==== Material for this exercise ====

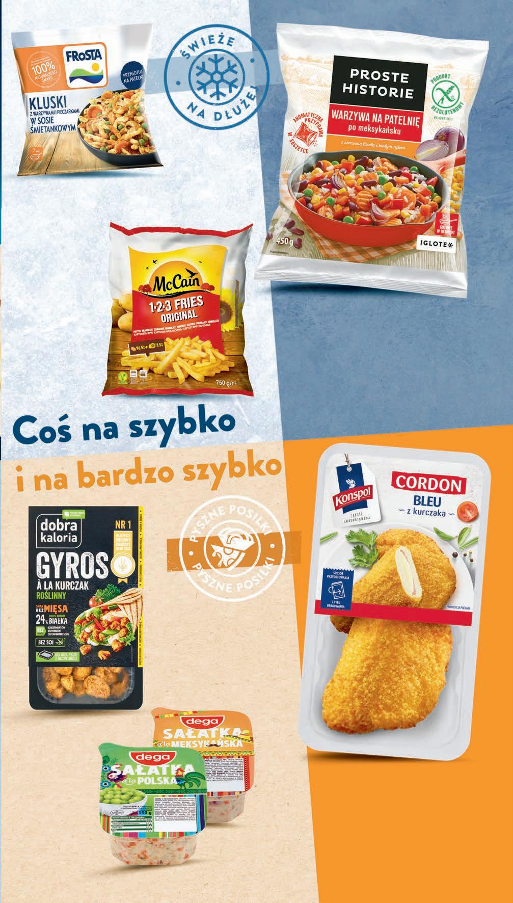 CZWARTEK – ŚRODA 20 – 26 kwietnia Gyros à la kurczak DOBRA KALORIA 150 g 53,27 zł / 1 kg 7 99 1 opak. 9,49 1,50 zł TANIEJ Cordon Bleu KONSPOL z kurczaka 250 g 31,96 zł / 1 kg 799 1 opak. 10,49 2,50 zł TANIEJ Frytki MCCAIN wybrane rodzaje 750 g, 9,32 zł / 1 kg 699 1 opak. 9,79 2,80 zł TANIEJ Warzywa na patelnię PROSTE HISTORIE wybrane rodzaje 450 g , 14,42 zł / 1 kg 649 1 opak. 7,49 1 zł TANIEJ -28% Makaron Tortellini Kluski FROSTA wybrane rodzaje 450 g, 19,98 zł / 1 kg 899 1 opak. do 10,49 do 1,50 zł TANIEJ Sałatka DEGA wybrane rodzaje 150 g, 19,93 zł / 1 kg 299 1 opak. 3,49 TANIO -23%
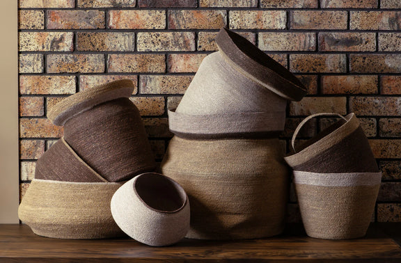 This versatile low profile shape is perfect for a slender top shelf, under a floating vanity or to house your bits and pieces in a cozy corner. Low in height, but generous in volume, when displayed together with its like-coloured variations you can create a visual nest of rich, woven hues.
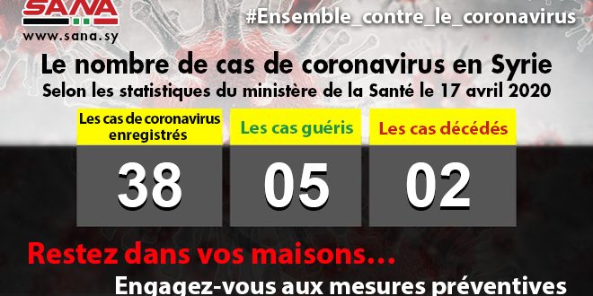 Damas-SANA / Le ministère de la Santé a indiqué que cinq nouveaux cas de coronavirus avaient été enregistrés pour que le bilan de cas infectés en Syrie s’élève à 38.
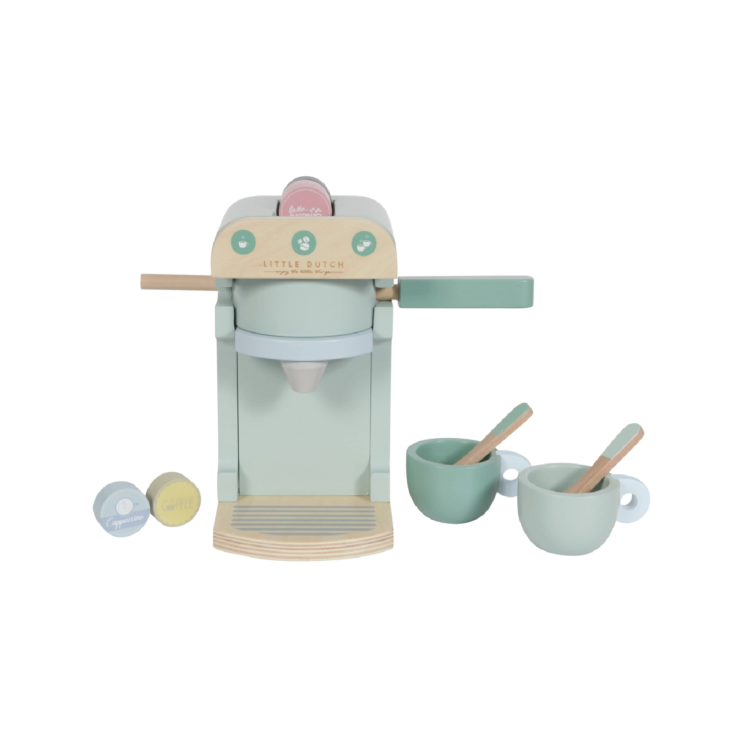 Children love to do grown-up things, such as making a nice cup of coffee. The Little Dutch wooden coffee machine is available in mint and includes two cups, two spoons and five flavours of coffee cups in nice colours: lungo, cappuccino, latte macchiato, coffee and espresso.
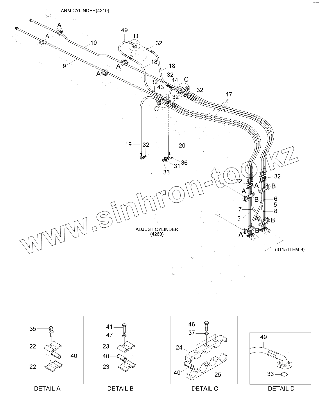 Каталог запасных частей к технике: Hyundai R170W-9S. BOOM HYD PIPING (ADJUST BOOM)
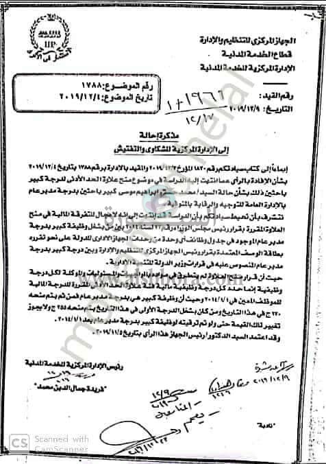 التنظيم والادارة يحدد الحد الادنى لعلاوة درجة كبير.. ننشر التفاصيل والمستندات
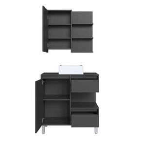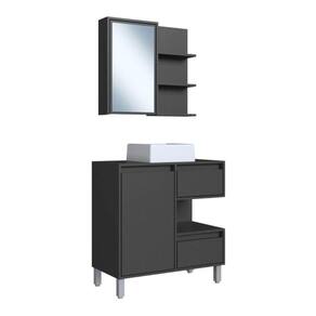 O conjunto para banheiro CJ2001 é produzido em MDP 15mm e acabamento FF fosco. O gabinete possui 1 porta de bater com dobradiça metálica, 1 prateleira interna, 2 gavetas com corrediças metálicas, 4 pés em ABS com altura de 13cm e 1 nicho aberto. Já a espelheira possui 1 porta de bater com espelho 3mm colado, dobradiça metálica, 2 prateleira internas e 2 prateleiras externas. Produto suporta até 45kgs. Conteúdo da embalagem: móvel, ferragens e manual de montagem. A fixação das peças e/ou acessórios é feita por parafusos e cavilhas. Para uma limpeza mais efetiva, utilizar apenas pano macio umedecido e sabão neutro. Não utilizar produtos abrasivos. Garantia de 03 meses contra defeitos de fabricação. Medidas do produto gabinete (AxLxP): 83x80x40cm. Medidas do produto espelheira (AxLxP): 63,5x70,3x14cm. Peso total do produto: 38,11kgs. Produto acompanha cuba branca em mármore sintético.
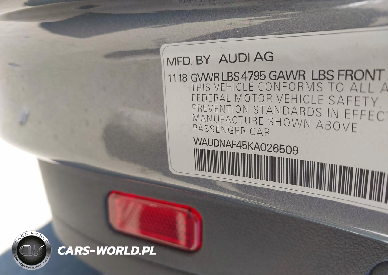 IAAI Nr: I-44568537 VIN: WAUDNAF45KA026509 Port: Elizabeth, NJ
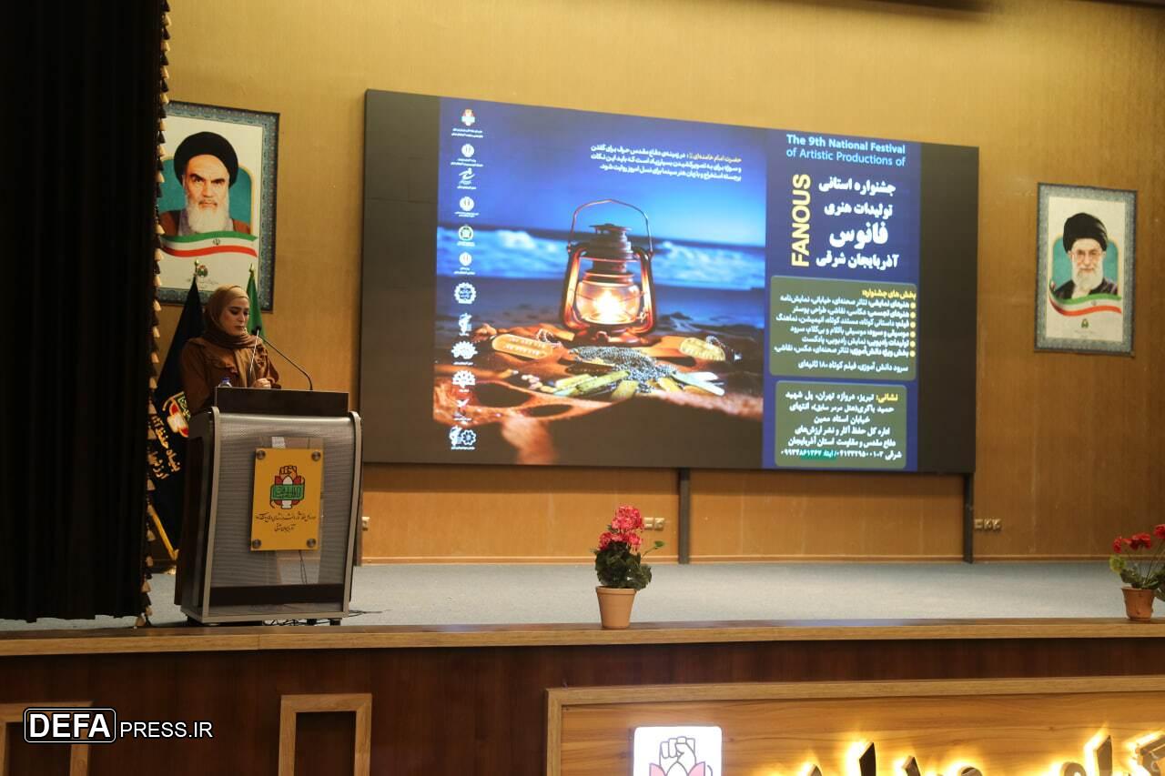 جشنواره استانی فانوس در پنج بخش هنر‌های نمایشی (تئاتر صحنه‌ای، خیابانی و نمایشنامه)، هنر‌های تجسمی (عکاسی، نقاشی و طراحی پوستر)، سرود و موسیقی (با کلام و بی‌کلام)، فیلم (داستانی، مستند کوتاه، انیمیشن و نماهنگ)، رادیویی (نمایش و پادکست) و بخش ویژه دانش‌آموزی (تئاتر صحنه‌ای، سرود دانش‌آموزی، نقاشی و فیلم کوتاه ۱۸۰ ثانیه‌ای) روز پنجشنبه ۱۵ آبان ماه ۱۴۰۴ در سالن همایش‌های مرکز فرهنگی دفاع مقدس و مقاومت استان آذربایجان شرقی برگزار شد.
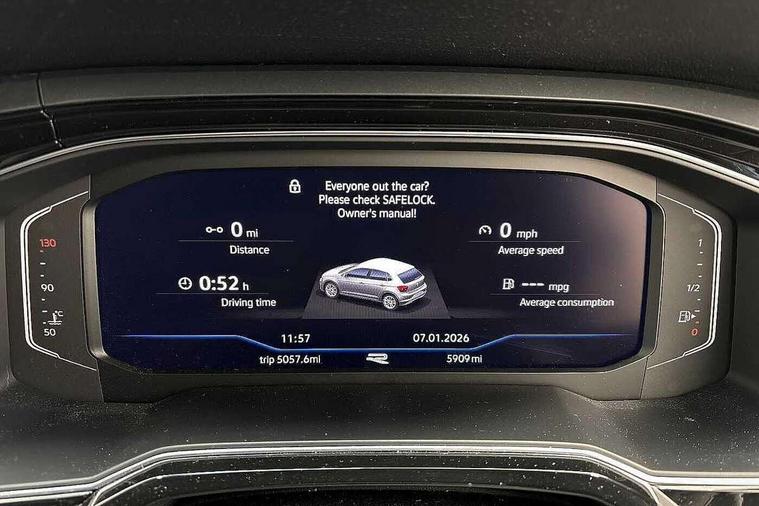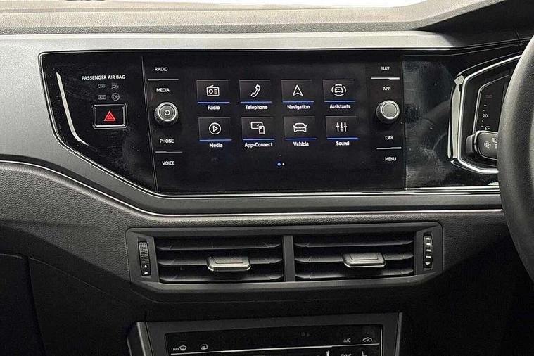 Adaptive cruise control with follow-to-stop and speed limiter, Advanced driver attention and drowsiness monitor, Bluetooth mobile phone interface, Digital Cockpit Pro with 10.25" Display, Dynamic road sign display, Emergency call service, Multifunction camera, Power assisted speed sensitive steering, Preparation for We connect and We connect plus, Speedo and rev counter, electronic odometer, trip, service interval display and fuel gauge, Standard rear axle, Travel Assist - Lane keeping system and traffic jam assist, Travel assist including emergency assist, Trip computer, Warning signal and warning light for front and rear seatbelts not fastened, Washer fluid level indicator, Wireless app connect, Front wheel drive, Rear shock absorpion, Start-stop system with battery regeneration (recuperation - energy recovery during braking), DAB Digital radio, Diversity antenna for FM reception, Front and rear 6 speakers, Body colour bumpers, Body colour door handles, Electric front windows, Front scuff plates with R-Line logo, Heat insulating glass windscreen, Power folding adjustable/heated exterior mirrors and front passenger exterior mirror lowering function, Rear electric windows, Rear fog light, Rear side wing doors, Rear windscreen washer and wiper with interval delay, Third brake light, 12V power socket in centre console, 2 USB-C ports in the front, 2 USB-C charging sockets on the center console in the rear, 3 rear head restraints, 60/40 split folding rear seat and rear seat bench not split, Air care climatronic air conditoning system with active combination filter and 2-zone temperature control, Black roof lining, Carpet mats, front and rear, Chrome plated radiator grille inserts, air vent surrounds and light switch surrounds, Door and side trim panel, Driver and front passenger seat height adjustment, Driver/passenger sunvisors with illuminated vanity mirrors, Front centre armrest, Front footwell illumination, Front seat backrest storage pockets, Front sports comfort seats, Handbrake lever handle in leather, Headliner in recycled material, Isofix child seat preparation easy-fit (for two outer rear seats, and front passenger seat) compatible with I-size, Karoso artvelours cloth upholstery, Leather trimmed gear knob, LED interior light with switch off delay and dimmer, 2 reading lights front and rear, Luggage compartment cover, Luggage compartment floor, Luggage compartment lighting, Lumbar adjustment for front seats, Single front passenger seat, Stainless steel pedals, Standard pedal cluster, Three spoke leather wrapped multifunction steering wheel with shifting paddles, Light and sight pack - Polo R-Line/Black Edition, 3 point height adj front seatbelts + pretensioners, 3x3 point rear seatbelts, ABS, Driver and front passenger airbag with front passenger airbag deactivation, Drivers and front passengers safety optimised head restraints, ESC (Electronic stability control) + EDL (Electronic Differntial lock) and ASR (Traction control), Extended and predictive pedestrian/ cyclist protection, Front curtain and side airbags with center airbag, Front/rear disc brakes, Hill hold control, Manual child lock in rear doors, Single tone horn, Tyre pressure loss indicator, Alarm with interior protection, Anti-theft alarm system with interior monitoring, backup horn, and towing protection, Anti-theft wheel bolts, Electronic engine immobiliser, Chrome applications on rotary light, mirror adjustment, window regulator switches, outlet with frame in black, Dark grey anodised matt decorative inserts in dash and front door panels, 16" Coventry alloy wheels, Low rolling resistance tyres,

====

Instructions for the task -
Each record should be printed again precisely, though not its pictures.

The completed task -
 CZWARTEK – ŚRODA 20 – 26 kwietnia Gyros à la kurczak DOBRA KALORIA 150 g 53,27 zł / 1 kg 7 99 1 opak. 9,49 1,50 zł TANIEJ Cordon Bleu KONSPOL z kurczaka 250 g 31,96 zł / 1 kg 799 1 opak. 10,49 2,50 zł TANIEJ Frytki MCCAIN wybrane rodzaje 750 g, 9,32 zł / 1 kg 699 1 opak. 9,79 2,80 zł TANIEJ Warzywa na patelnię PROSTE HISTORIE wybrane rodzaje 450 g , 14,42 zł / 1 kg 649 1 opak. 7,49 1 zł TANIEJ -28% Makaron Tortellini Kluski FROSTA wybrane rodzaje 450 g, 19,98 zł / 1 kg 899 1 opak. do 10,49 do 1,50 zł TANIEJ Sałatka DEGA wybrane rodzaje 150 g, 19,93 zł / 1 kg 299 1 opak. 3,49 TANIO -23%
 This versatile low profile shape is perfect for a slender top shelf, under a floating vanity or to house your bits and pieces in a cozy corner. Low in height, but generous in volume, when displayed together with its like-coloured variations you can create a visual nest of rich, woven hues.
 Damas-SANA / Le ministère de la Santé a indiqué que cinq nouveaux cas de coronavirus avaient été enregistrés pour que le bilan de cas infectés en Syrie s’élève à 38.
 Children love to do grown-up things, such as making a nice cup of coffee. The Little Dutch wooden coffee machine is available in mint and includes two cups, two spoons and five flavours of coffee cups in nice colours: lungo, cappuccino, latte macchiato, coffee and espresso.
 Каталог запасных частей к технике: Hyundai R170W-9S. BOOM HYD PIPING (ADJUST BOOM)
 التنظيم والادارة يحدد الحد الادنى لعلاوة درجة كبير.. ننشر التفاصيل والمستندات
 O conjunto para banheiro CJ2001 é produzido em MDP 15mm e acabamento FF fosco. O gabinete possui 1 porta de bater com dobradiça metálica, 1 prateleira interna, 2 gavetas com corrediças metálicas, 4 pés em ABS com altura de 13cm e 1 nicho aberto. Já a espelheira possui 1 porta de bater com espelho 3mm colado, dobradiça metálica, 2 prateleira internas e 2 prateleiras externas. Produto suporta até 45kgs. Conteúdo da embalagem: móvel, ferragens e manual de montagem. A fixação das peças e/ou acessórios é feita por parafusos e cavilhas. Para uma limpeza mais efetiva, utilizar apenas pano macio umedecido e sabão neutro. Não utilizar produtos abrasivos. Garantia de 03 meses contra defeitos de fabricação. Medidas do produto gabinete (AxLxP): 83x80x40cm. Medidas do produto espelheira (AxLxP): 63,5x70,3x14cm. Peso total do produto: 38,11kgs. Produto acompanha cuba branca em mármore sintético.
 IAAI Nr: I-44568537 VIN: WAUDNAF45KA026509 Port: Elizabeth, NJ
 جشنواره استانی فانوس در پنج بخش هنر‌های نمایشی (تئاتر صحنه‌ای، خیابانی و نمایشنامه)، هنر‌های تجسمی (عکاسی، نقاشی و طراحی پوستر)، سرود و موسیقی (با کلام و بی‌کلام)، فیلم (داستانی، مستند کوتاه، انیمیشن و نماهنگ)، رادیویی (نمایش و پادکست) و بخش ویژه دانش‌آموزی (تئاتر صحنه‌ای، سرود دانش‌آموزی، نقاشی و فیلم کوتاه ۱۸۰ ثانیه‌ای) روز پنجشنبه ۱۵ آبان ماه ۱۴۰۴ در سالن همایش‌های مرکز فرهنگی دفاع مقدس و مقاومت استان آذربایجان شرقی برگزار شد.
 Adaptive cruise control with follow-to-stop and speed limiter, Advanced driver attention and drowsiness monitor, Bluetooth mobile phone interface, Digital Cockpit Pro with 10.25" Display, Dynamic road sign display, Emergency call service, Multifunction camera, Power assisted speed sensitive steering, Preparation for We connect and We connect plus, Speedo and rev counter, electronic odometer, trip, service interval display and fuel gauge, Standard rear axle, Travel Assist - Lane keeping system and traffic jam assist, Travel assist including emergency assist, Trip computer, Warning signal and warning light for front and rear seatbelts not fastened, Washer fluid level indicator, Wireless app connect, Front wheel drive, Rear shock absorpion, Start-stop system with battery regeneration (recuperation - energy recovery during braking), DAB Digital radio, Diversity antenna for FM reception, Front and rear 6 speakers, Body colour bumpers, Body colour door handles, Electric front windows, Front scuff plates with R-Line logo, Heat insulating glass windscreen, Power folding adjustable/heated exterior mirrors and front passenger exterior mirror lowering function, Rear electric windows, Rear fog light, Rear side wing doors, Rear windscreen washer and wiper with interval delay, Third brake light, 12V power socket in centre console, 2 USB-C ports in the front, 2 USB-C charging sockets on the center console in the rear, 3 rear head restraints, 60/40 split folding rear seat and rear seat bench not split, Air care climatronic air conditoning system with active combination filter and 2-zone temperature control, Black roof lining, Carpet mats, front and rear, Chrome plated radiator grille inserts, air vent surrounds and light switch surrounds, Door and side trim panel, Driver and front passenger seat height adjustment, Driver/passenger sunvisors with illuminated vanity mirrors, Front centre armrest, Front footwell illumination, Front seat backrest storage pockets, Front sports comfort seats, Handbrake lever handle in leather, Headliner in recycled material, Isofix child seat preparation easy-fit (for two outer rear seats, and front passenger seat) compatible with I-size, Karoso artvelours cloth upholstery, Leather trimmed gear knob, LED interior light with switch off delay and dimmer, 2 reading lights front and rear, Luggage compartment cover, Luggage compartment floor, Luggage compartment lighting, Lumbar adjustment for front seats, Single front passenger seat, Stainless steel pedals, Standard pedal cluster, Three spoke leather wrapped multifunction steering wheel with shifting paddles, Light and sight pack - Polo R-Line/Black Edition, 3 point height adj front seatbelts + pretensioners, 3x3 point rear seatbelts, ABS, Driver and front passenger airbag with front passenger airbag deactivation, Drivers and front passengers safety optimised head restraints, ESC (Electronic stability control) + EDL (Electronic Differntial lock) and ASR (Traction control), Extended and predictive pedestrian/ cyclist protection, Front curtain and side airbags with center airbag, Front/rear disc brakes, Hill hold control, Manual child lock in rear doors, Single tone horn, Tyre pressure loss indicator, Alarm with interior protection, Anti-theft alarm system with interior monitoring, backup horn, and towing protection, Anti-theft wheel bolts, Electronic engine immobiliser, Chrome applications on rotary light, mirror adjustment, window regulator switches, outlet with frame in black, Dark grey anodised matt decorative inserts in dash and front door panels, 16" Coventry alloy wheels, Low rolling resistance tyres,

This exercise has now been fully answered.